Kin Groups and Descent. Across the LoDagaa cluster, roughly from east to west, there is an increasing emphasis on the role of matrilineal descent groups. In the east, the Dagaba are organized on the basis of patrilineal descent groups alone. Several of these exogamous units exist in each parish. These lineages, which trace patrilineal relationships between their members, belong to wider named clans, segments of which are found in widely dispersed settlements, even those of different "ethnic" groups, roughly tracing out lines of migration. Groups to the west also have matrilineal clans, and all except the Wiili (and formerly even some of the LoWiili) inherit land and immovables agnatically and inherit movables (wealth, cattle) through the uterine line. Hence, the patricians are locally based, but the matriclans are dispersed. These groups are therefore variants of classic double-descent systems.

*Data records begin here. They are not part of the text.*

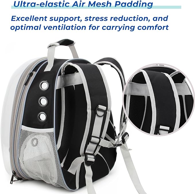 • 🐱Our cat backpack features 9 large ventilation holes on both sides and front, with added expandable anti-scratching netting for maximum breathability and fresh air - perfect for outdoor adventures.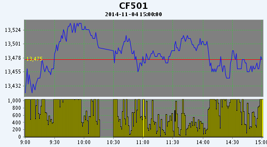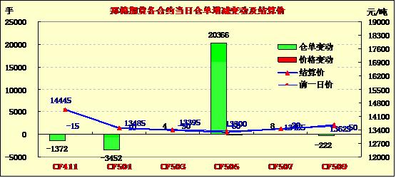 11月4日,鄭棉CF1501、1505合約高開,早盤沖高,隨后后在多頭平倉盤打壓下走低,日線形成星線,日內(nèi)成交量變化不大,持倉量近減遠(yuǎn)增。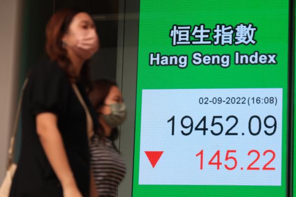 香港中通社9月2日電 (記者 崔靜雯)市場關注美國即將公布非農數據,港股持續走弱。恆生指數2日收報19452點,跌145點或0.74%,大市成交達1102.01億元(港元,下同)。恒指全周累跌717點或3.6%,9月開局兩天累跌502點。

Patrilineal clans are numerous, each with its own prohibitions, often against the killing of a totemic animal or the eating of foods in a particular way. The clans are paired in joking relationships, and their ritual foci are lineage shrines. Among the Lobi and, to some extent, the Birifor, although patrilineal clanship is concealed, it is significant in landownership and in some ritual affairs, especially in the Dyoro initiations. The matriclans, right across the cluster, are basically four in number—Some, Da, Hienbe, and Kambire. The first two and the last two are paired in joking relationships, which are particularly important at funerals. These dispersed matriclans have particular loci where sacrifices are occasionally performed.
Kinship Terminology. In a double-descent system, one can refer to any kin either in the patrilineal or in the matrilineal mode. The patrilineal mode is Omaha, whereas the matrilineal one is Crow. The dominance of these different modes depends upon the strength of the relevant groups.